Darvish was 8 when Nomo made his major league debut. As a high school senior, he rejected offers from major league organizations, including one from the Dodgers. He has described his journey to the United States as something almost out of his control, as his salary escalated to where he all but felt obligated to leave the small-market Hokkaido Nippon-Ham Fighters as a means of offering them payroll relief.

Eventually, however, when high school players started eyeing the major leagues, the country’s baseball establishment wasn’t supportive. Fearing a talent drain, the Japanese league implemented unwritten rules to discourage amateur players from bypassing the draft and signing overseas.

Yusei Kikuchi of the Seattle Mariners was intrigued by the idea of moving to the United States after graduating from Hanamaki Higashi High. Kikuchi was pursued by several major league organizations, including the Dodgers, who had the inside track.

Kikuchi’s high school coach, Hiroshi Sasaki, later admitted he was afraid Nippon Professional Baseball teams would retaliate against him if Kikuchi went directly to MLB. Kikuchi spared him the potential consequences by entering the NPB draft, but cried at the news conference at which he made the announcement.

“I never told him not to go, but I wonder if my feelings got across to him somehow,” Sasaki said. “I never asked him what he was feeling.

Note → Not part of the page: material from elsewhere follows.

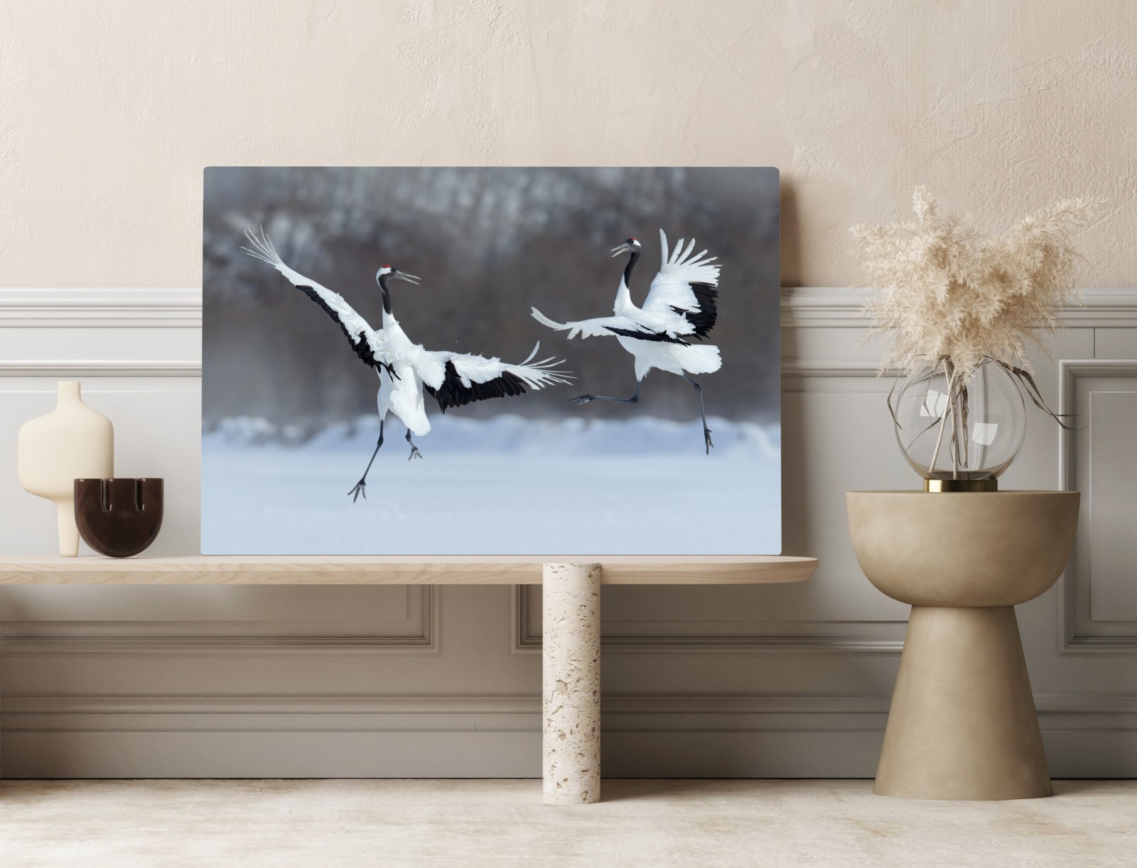 Leinwandbild Tanzende rotkronenkraniche im schnee, Hokkaido

I thought I might have prevented him from pursuing his dream and that made me feel guilty.”

So, three years later, when Sasaki was in a similar position advising Ohtani, he encouraged him to follow his heart. Inspired by Ichiro Suzuki and Hideki Matsui, Ohtani was determined to sign with an MLB team, most likely the Dodgers.

Ultimately, the Fighters convinced him to remain in Japan by offering him an opportunity the Dodgers didn’t: to be a two-way player.

He went on to play with the Fighters for five seasons before signing with the Angels.

If the detour delayed him, it also better prepared him from this moment. He’s hitting, he’s pitching and he’s on top of the world.